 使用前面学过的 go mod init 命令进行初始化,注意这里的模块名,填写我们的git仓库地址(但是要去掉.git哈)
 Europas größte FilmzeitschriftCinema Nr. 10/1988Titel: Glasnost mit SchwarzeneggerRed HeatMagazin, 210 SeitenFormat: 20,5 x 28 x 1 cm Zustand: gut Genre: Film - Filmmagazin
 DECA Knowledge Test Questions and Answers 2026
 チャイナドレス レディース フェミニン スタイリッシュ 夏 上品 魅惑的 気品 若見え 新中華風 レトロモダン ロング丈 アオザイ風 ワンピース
...
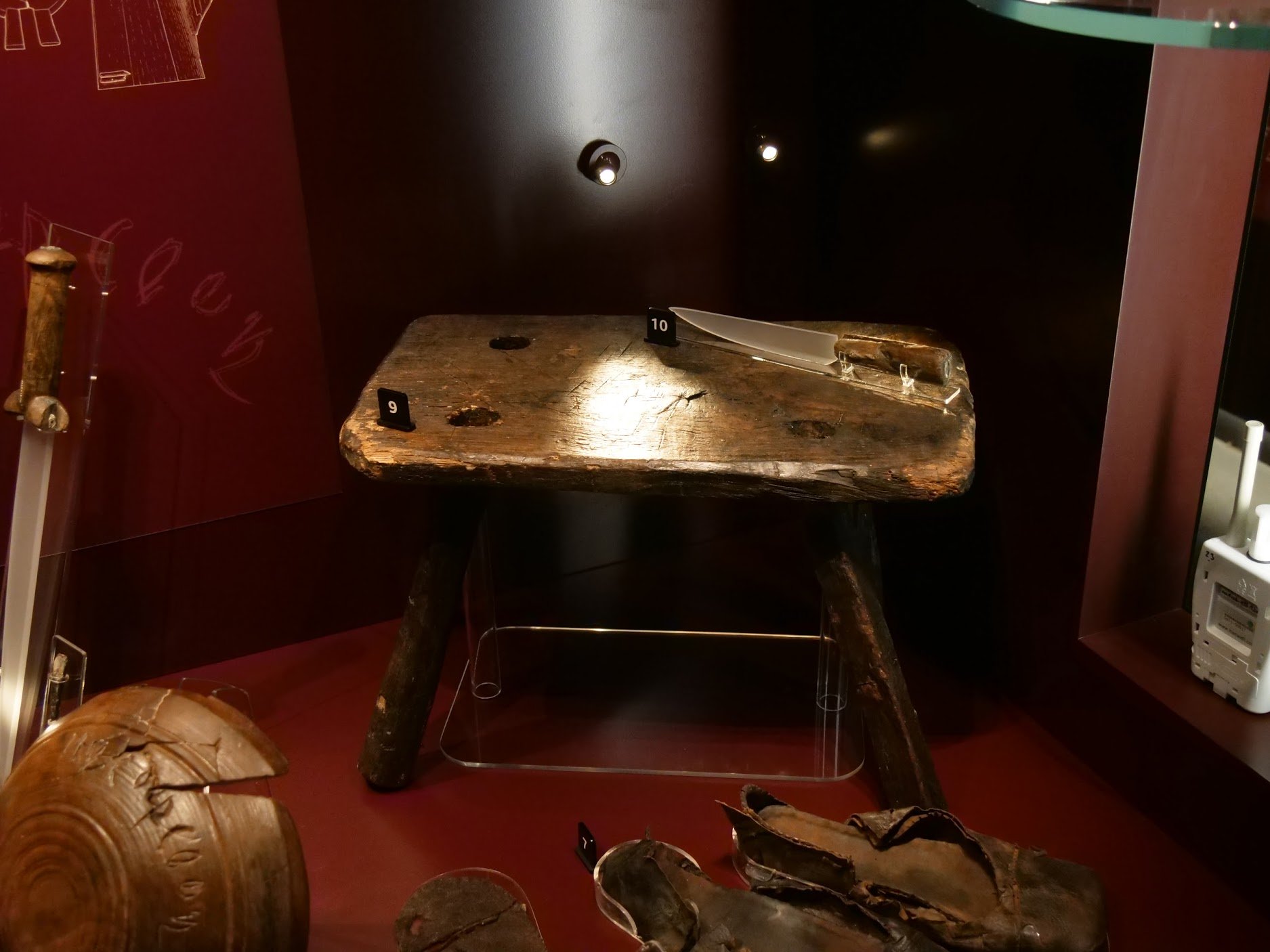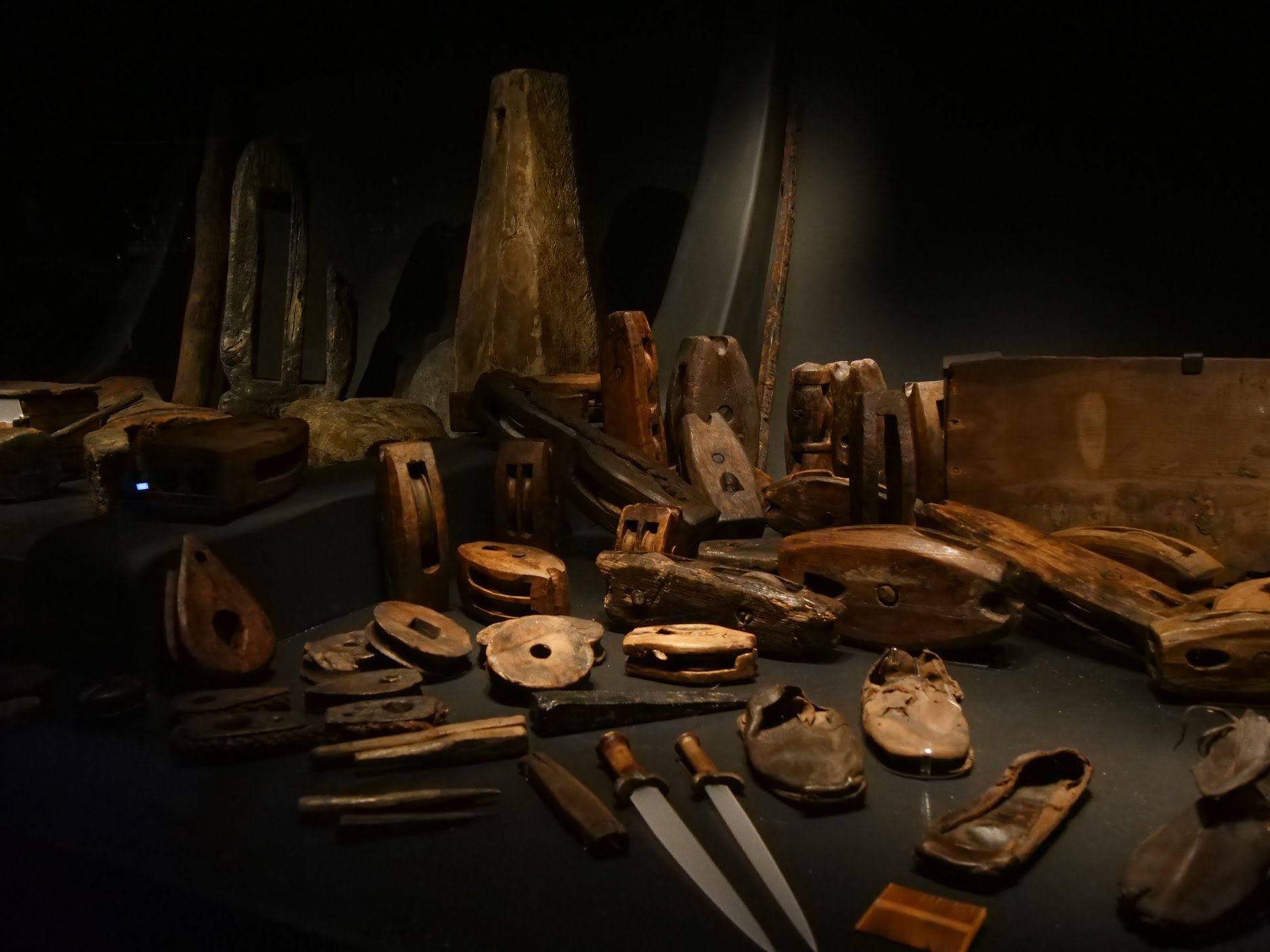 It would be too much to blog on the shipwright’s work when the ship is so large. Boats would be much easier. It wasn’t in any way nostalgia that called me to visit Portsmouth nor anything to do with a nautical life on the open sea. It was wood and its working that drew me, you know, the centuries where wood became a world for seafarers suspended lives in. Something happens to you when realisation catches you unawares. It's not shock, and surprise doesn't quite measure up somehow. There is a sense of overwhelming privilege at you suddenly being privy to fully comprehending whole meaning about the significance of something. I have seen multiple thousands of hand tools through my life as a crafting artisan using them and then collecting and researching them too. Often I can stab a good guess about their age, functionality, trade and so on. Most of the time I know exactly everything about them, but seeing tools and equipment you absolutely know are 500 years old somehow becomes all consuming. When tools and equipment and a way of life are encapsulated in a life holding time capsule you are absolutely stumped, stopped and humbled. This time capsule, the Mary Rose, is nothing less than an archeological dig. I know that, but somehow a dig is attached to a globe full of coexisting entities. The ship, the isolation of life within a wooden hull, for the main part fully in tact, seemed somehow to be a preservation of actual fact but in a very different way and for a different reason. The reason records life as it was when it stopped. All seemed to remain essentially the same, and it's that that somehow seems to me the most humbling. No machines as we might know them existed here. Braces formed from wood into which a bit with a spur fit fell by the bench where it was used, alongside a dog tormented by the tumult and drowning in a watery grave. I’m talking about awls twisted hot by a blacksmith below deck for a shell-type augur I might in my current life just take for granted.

(EXERCISE PROMPT): Could you return exactly the stretch of the data above that starts at the line with "Europas größte FilmzeitschriftCinema" and ends at the line with "チャイナドレス レディース フェミニン", both lines included?

(SOLUTION FOR THIS TASK):
 Europas größte FilmzeitschriftCinema Nr. 10/1988Titel: Glasnost mit SchwarzeneggerRed HeatMagazin, 210 SeitenFormat: 20,5 x 28 x 1 cm Zustand: gut Genre: Film - Filmmagazin
 DECA Knowledge Test Questions and Answers 2026
 チャイナドレス レディース フェミニン スタイリッシュ 夏 上品 魅惑的 気品 若見え 新中華風 レトロモダン ロング丈 アオザイ風 ワンピース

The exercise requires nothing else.